Comparative Example 1

[0051] A fuel additive composition was prepared as in Example 1, without using sodium hydroxide. The resultant composition experienced precipitation as time went by.

Comparative Example 2

[0052] A fuel additive composition was prepared as in Example 1, at a temperature of 40[deg.] C. The resultant composition experienced precipitation as time went by.

Comparative Example 3

[0053] A fuel additive composition was prepared as in Example 1, at a temperature of 45[deg.] C. The resultant composition experienced precipitation as time went by, as in Comparative Examples 1 and 2.

Comparative Example 4

[0054] 30 kg of borax, 20 kg of sodium hydroxide, and 30 kg of hydrogen peroxide were dissolved in 50 kg of water at 70[deg.] C. Then, 20 kg of triethylamine, 20 kg of hydrogen peroxide, and 10 kg potassium carbonate were added to prepare a fuel additive composition. The temperature of the resultant fuel additive composition rapidly rose to 100[deg.] C. as time went by. This is because of excessive generation of oxygen radicals, which is caused by addition of hydrogen peroxide.

Testing Example 1

Energy Efficiency Test

[0055] An energy efficiency test was performed for the composition of Example 1.

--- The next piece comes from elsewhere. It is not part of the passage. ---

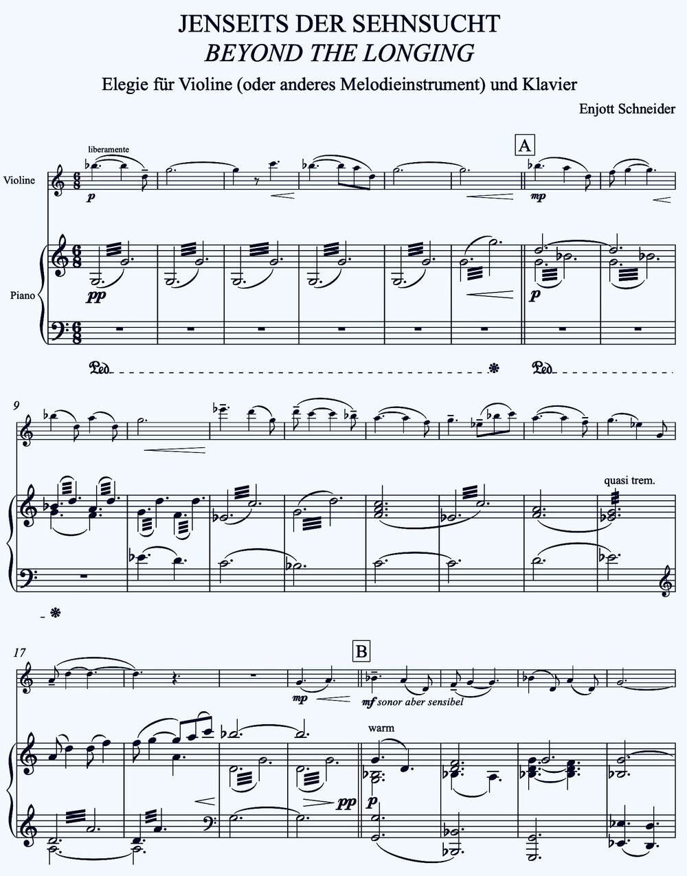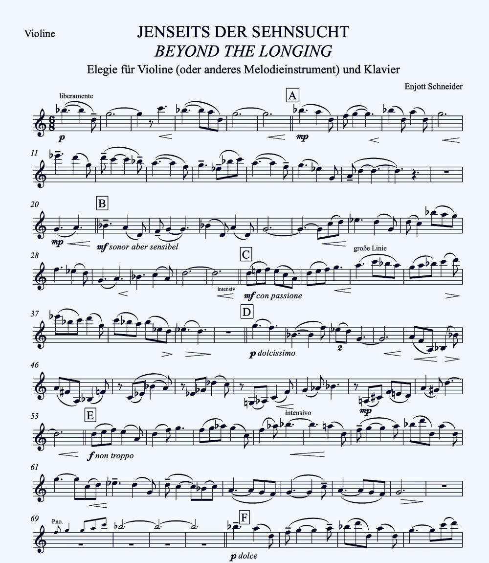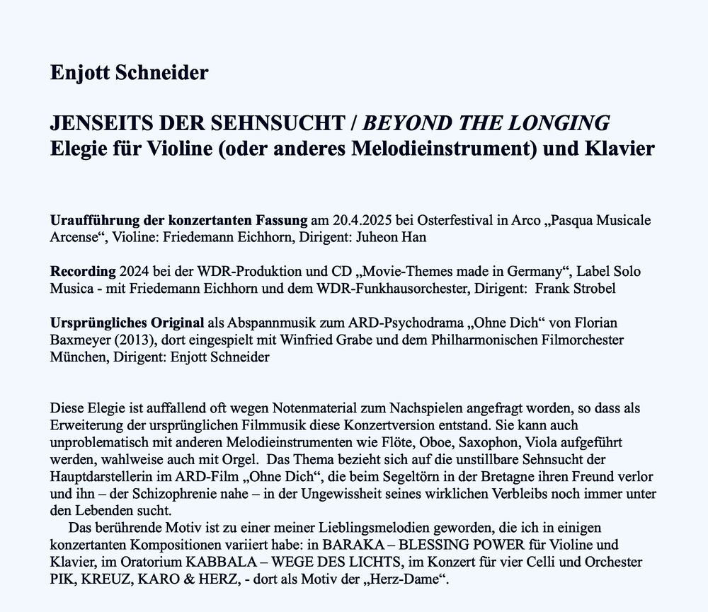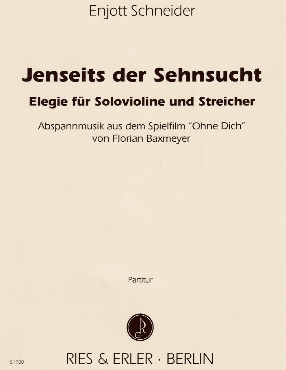 Vorwort: Diese ELEGIE „JENSEITS DER SEHNSUCHT“ / „BEYOND THE LONGING“ für Violine und Streichorchester ist sehr filmmusikalisch: Sie entstand als Abspannmusik zum Psychodrama "Ohne Dich" von Florian Baxmeyer 2013 für Odeon-TV Wiesbaden im Auftrag von Degeto/ARD. Martina (gespielt von Stefanie Stappenbeck) verliert bei einem Segelurlaub in der Bretagne mit misteriöser Plötzlichkeit ihren geliebten Freund. Die Suche nach dem Vermissten oder Toten wird zu einem Alptraum zwischen Hoffen, Halluzinieren und einer Sehnsucht, die in Wahn umschlägt.

[0056] Coal having a moisture content of 1.73%, an ash content of 14.73%, and a volatile content of 30.12% (calorific value=6,977 kcal; ash fusion temperature (FT)=1,588[deg.] C.), and a boiler having a steam production capacity of 10 ton/h were used. The boiler was operated under a pressure of 8 kPa with a load of 80%. As a result, 16.8% of coal consumption was saved.

Testing Example 2

Pollution Reduction Test

[0057] Dust content, sulfur dioxide concentration, and Ringelmann turbidity were measured for the composition. The results are shown in the following Table 1.

TABLE 1

  Before  After  Measurement

Test items  measurement  measurement  result

Average dust content  1673.8  1082.3  Decreased by

(mg/Nm<3> )      35.3%

Average dust discharge  42.5  26.9  Decreased by

amount (kg/h)      36.7%

Average sulfur dioxide  321.5  249.1  Decreased by

concentration (mg/Nm<3> )      22.5%

Average sulfur dioxide  8.158  249.1  Decreased by

discharge amount (kg/h)      24.1%

Ringelmann turbidity  1  1  Same

(smoke concentration)

Testing Example 3

Fuel Consumption Saving Test

[0058] The composition was employed in a combined heat and power plant using bituminous coal. Fuel consumption saving effect due to reduction of air pollutants and clinkers was determined.

[0059] The composition was diluted to about 1,000:1, based on the coal weight, in water, and sprayed on lump coal placed on a coal feeder. The lump coal was crushed to 200 mesh or below and burnt with a burner.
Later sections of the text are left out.